September 30, 2019
As we discussed last week, estimates have already been ratcheted down. Wall Street is looking for earnings to contract of 3.8% from the same period a year ago.
That seems to fit the recession narrative we've been hearing. But is it warranted, or is it Wall Street and corporate America taking advantage of the fear in the air, to set the bar low?
Let's take a look at the third quarter.
First, take a look at Citigroup's Economic Surprise Index. In the chart below, above the zero line is the degree to which the data is coming in above expectations.
You can see, the positive surprises have been coming in hot over the past month, and the index itself has been on the rise throughout the third quarter. This suprise index behavior typically drives multiple expansion (in stocks) and higher yields. That doesn't fit with the earnings expectations/ recession story.

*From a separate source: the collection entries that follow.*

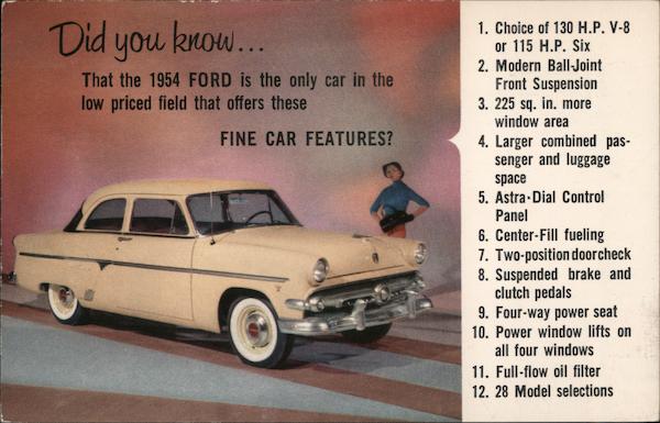 Did you know that the 1954 Ford is the only car in the low priced field that offers these Fine Car Features? Choice of 130 HP V-8 or 115 HP Six, Modern ball-joint front suspension, 225 sq. in. more window area, larger combined passenger and luggage space, Astra-Dial Control Panel, center-fill fueling, two-position doorcheck, suspended brake and clutch pedals, four-way power seat, power window lifts on all four windows, full-flow oil filter, 28 model selections. From the Darlene Thorne Collection |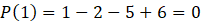1 | 1 | 1 – 2 = -1 | -1 – 5 = -6 | -6 + 6 = 0 |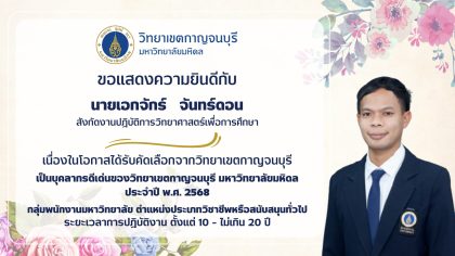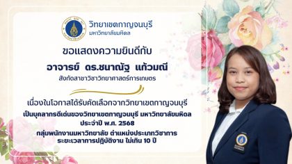 เนื่องในโอกาสได้รับคัดเลือกให้เป็นบุคลากรดีเด่นของวิทยาเขตกาญจนบุรี มหาวิทยาลัยมหิดล ประจำปี 2568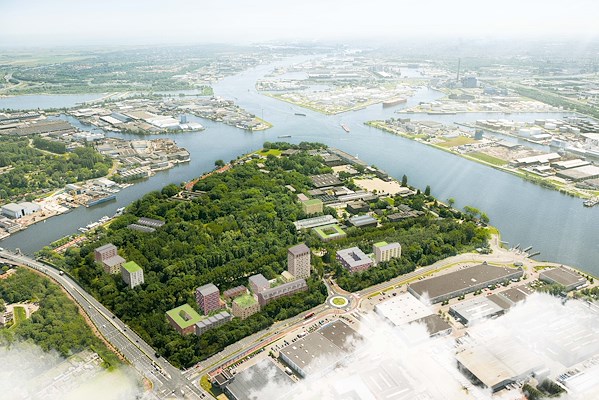 Vogelperspectief stedenbouwkundig plan noordelijk deel Hembrugterrein.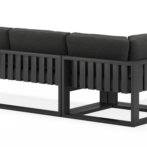 Verato loungehoek in zwart aluminium met tundra charcoal all weather sunbrella® luxe kussens | Exterioo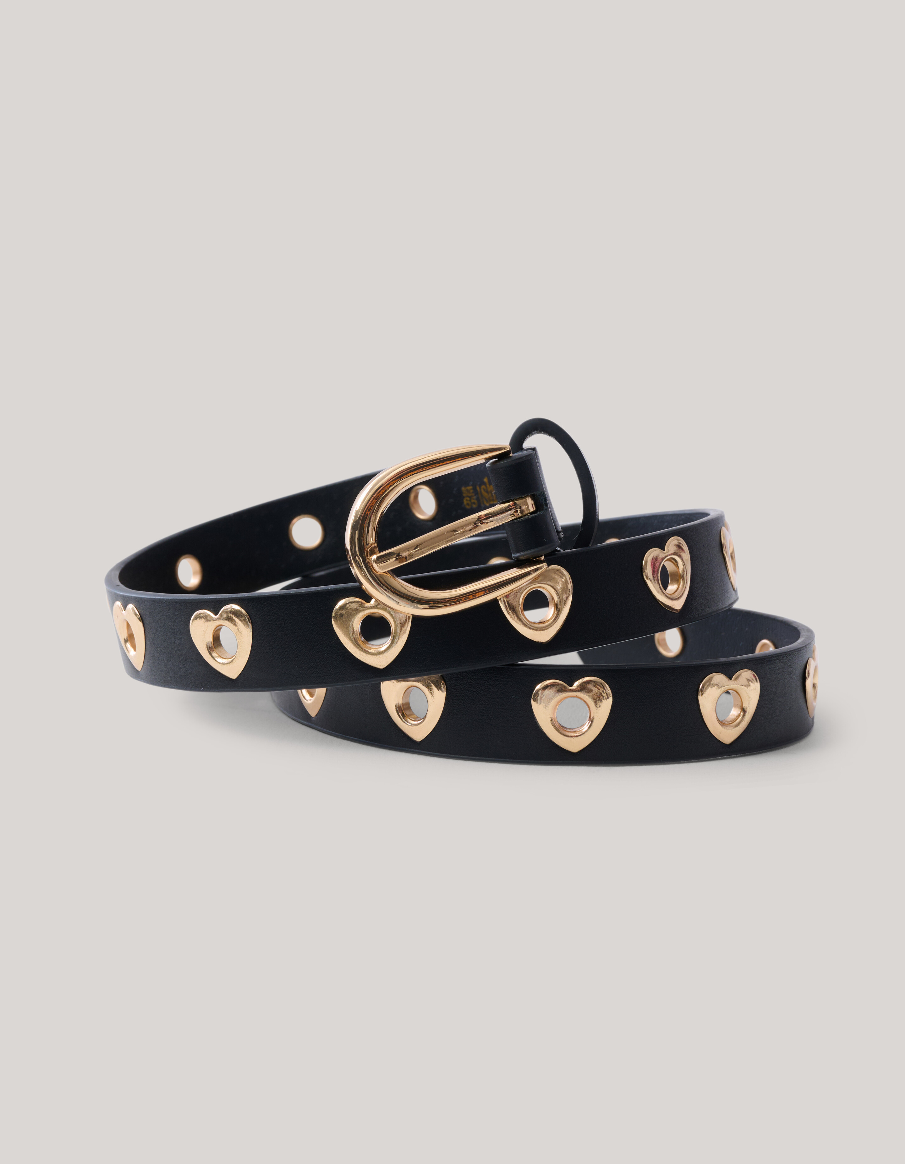 Van de Gouden Heart Riem word je opslag verliefd! De riem wordt gekenmerkt door een zwarte kleur met studs all-over de riem. De studs zijn in de vorm van een hart en hebben een gat in het midden, hierdoor kan je de riem op meerdere standen sluiten. Verder heeft de riem nog een bijpassende gouden gesp. Het item heeft een breedte van 1,9 cm. De standaard lus lengte van een jeans is 3,8 cm.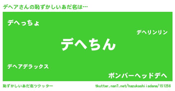 | ヘコむあだ名 | 『デヘア(笑)』『つくし』『デヘっぺ』 |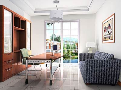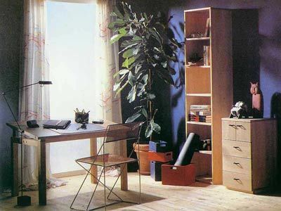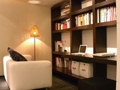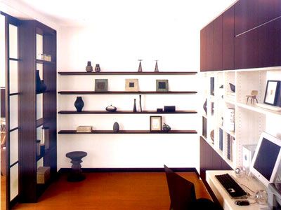 面積充裕的居室中,可以獨(dú)立布置一間書(shū)房,面積較小的居室可以辟出一個(gè)區(qū)域作為學(xué)習(xí)和工作的地方,可用書(shū)櫥隔斷,也可用柜子、布幔等隔開(kāi)。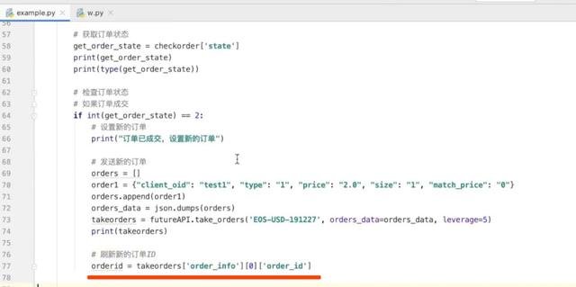 这里打印了下单的执行语句,因为下单后会返回订单的信息,其中包括了订单号。能拿到这段信息,就可以提取里面的订单号。通过我设置的变量,对应的方式就是: takeorders['order_info'][0]['order_id'],打印出来就会是对应的 ID 了。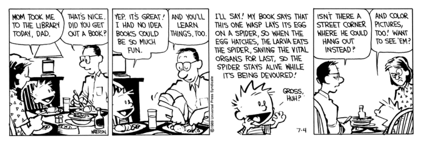 Calvin and Hobbes is generally considered one of the best newspaper comic strips of all time. My family owned the complete collection when I was growing up, and I have fond memories of reading through them. Bill Watterson’s illustrations are excellent, and he regularly touched on deep philosophical themes through the comics. Some have even gone as far as describing the strip as “great modern literature”.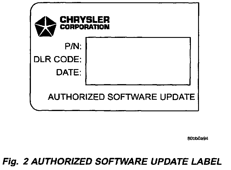 3. Type the necessary information on the "Authorized Software Update Label" p/n 04669020 (Fig. 1). Attach the label to the PCM and/or TCM as necessary and cover the label(s) with the clear plastic overlay.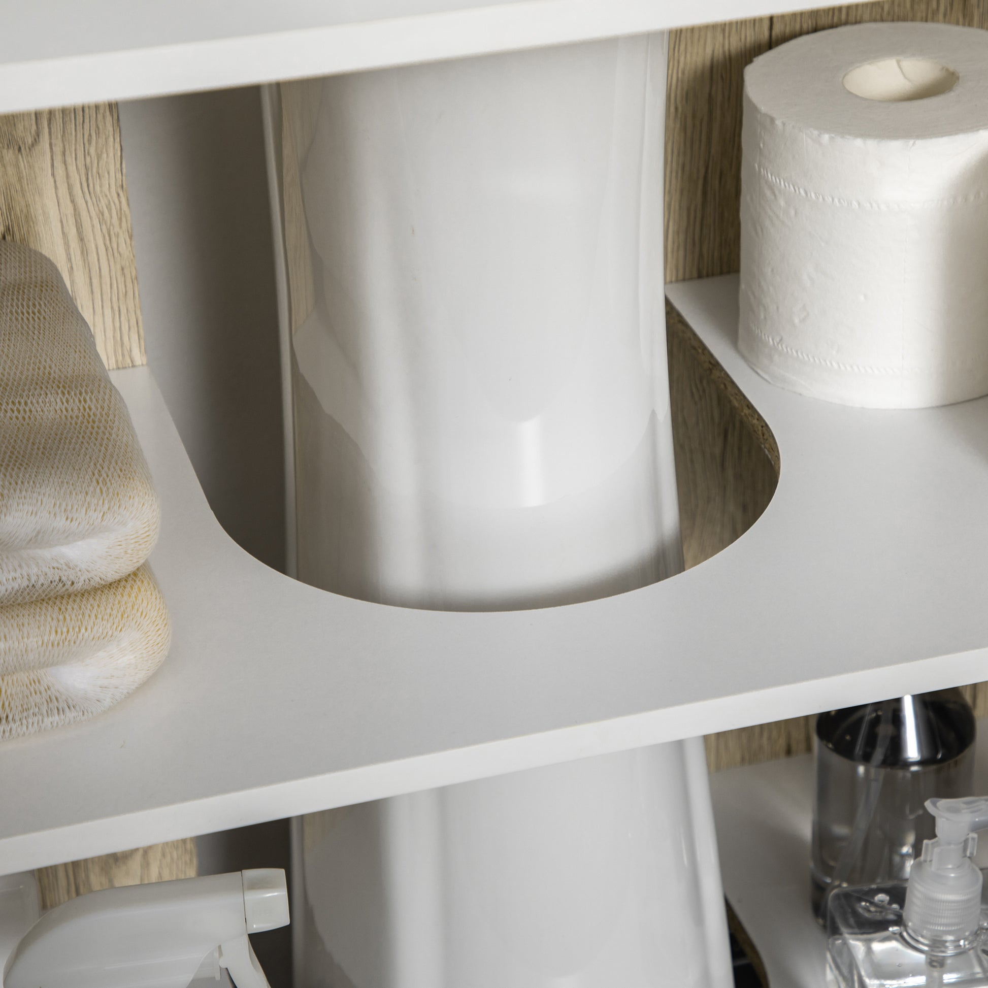 Meuble Sous Lavabo en Bois kleankin avec 2 Portes, Étagère et Pieds en Acier 60x30x60 cm Chêne et Blanc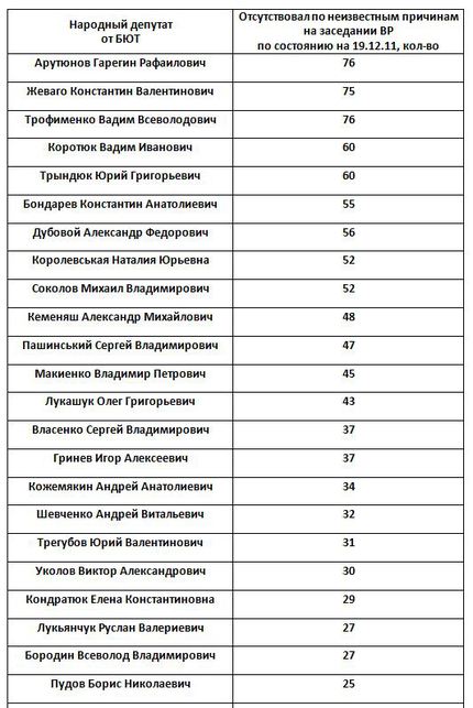 Может быть, кто-то и скажет в оправдание бютовцев, что они находились на громких судебных процессах, в частности по делу Юлии Тимошенко. Вероятно, отчасти так и было. Но для чистоты анализа я пользовался только техническими данными – «голой официальной цифрой». Опять-таки: в таблице представлено только часть депутатов, остальные, у которых данные непосещения поменьше учтены при подсчете общей картины по фракции.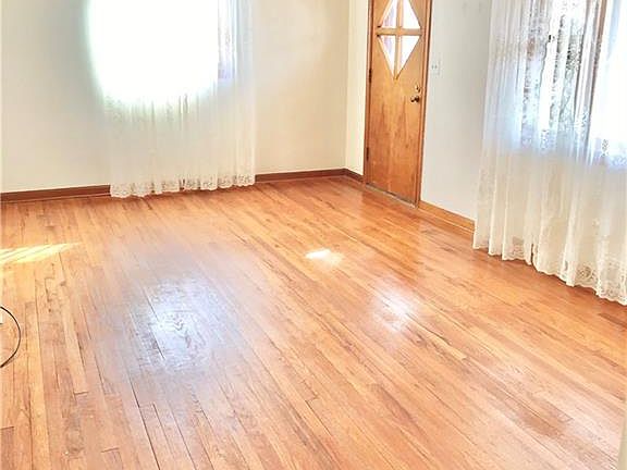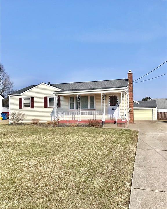 Ranch with a front porch and oversized 2 car garage. The Basement is partially finished great for entertaining. Kitchen and eating area are open to each other. 3 Bedrooms, Large Living Room. Hardwood flooring throughout. Well kept home. Sliding glass door out to the backyard is fairly new. The basement has a full bathroom with a newer shower insert. Glass block windows. Vinyl siding. New drain to the street for the downspouts. There is a workroom and storage shed off of the garage which is a separate area.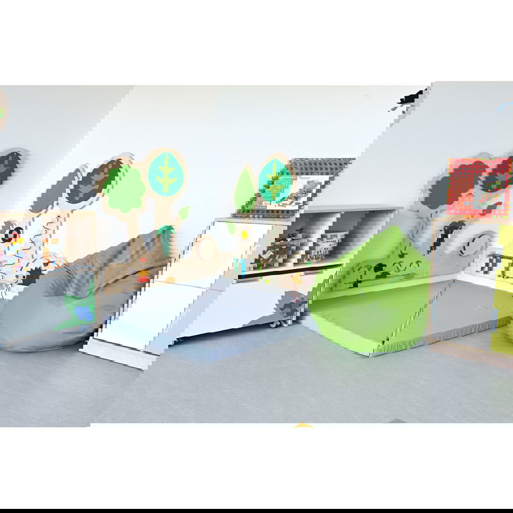 Die Spielwand besteht aus stabilem Sperrholz und ist mit einem umweltschonenden Acryllack auf Wasserbasis behandelt. Dieser ist von Anfang an frei von schädlichen Ausdünstungen. Die fest montierten Elemente können nicht verloren gehen und halten dem lebhaften Spielalltag in Gruppenräumen stand. - Platzsparende Lern- und Spielumgebung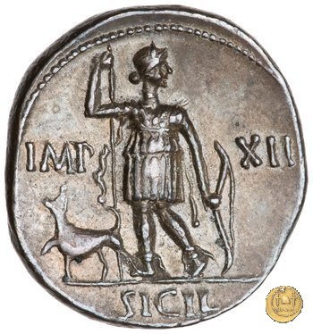 CLM302 Obverse: ![]() AVGVSTVS ![]() DIVI FTesta di Augusto rivolta verso destra. Reverse: → IMP - XII; SICIL (esergo) Diana, in piedi rivolta verso sinistra ma con la testa verso destra, con una vesta da cacciatrice. Nella mano destra tiene una lancia, nella sinistra, un arco. Ai suoi piedi, un cane rivolto verso sinistra. | |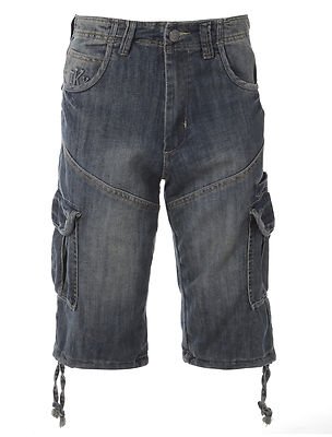 Mens Tokyo Laundry Block Denim Cargo Shorts Mid Blue Wash Size S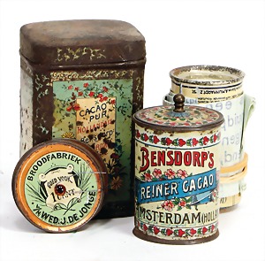 Konv. Puppenküchenteile, Kanne, Blech lithogr, Südseemotiv (wohl Kolonialzeit), 8 cm, Petroleumkanne, kl. Brotdose, 2 Schüsseln, kl. Platte mit Engelsmotiv, Engel 7,5 cm, für frühe Küche o. Kaufladen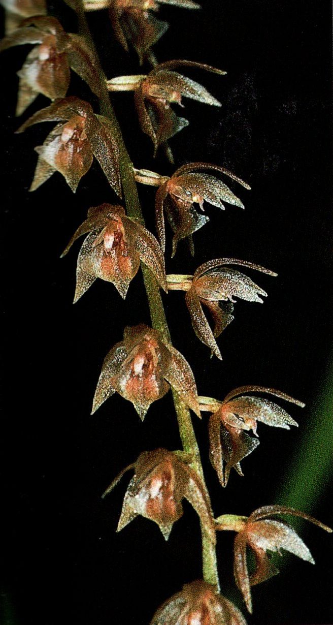 Found in northern Borneo in mossy forests at elevations of 900 to 2000 meters and in the var longicuspe 2000 to 2500 meters as a miniature sized, clump forming, warm to cool, and in the var longicuspum cold growing epiphyte with cylindrical to narrowly fusiform, erect pseudobulbs carrying a single, apical, coriaceous, 3 to 4 nerved, narrowly linear, subacute to acute, narrowing below into the petiolate base leaf that blooms at most any time of the year on an erect, gently curving, peduncle 1 to 2.6" [2.5 to 6.5 cm] long, without bracts, rachis quadrangular, 1.4 to 2.6" [3.5 to 6.5 cm] long, densely many flowered inflorescence with ovate, acute, longer than the ovary floral bracts.

And it doesn't fit with the Atlanta Fed's forecast for Q3 GDP, which has been on the rise too.
And don't forget, in the quarter, we had two Fed rate cuts, and the Fed's retreat from its Quantitative Tightening program. That has driven the benchmark 10-year yield down from 2.05% to 1.67% in the quarter (cheaper money), and it stabilized stocks near the record highs (fuel for consumer confidence).
Bottom line: The earnings bar has been set low, so that it can be beat. That's the way Wall Street works. So, positive earnings suprises should further underpin stocksas we head into Q4.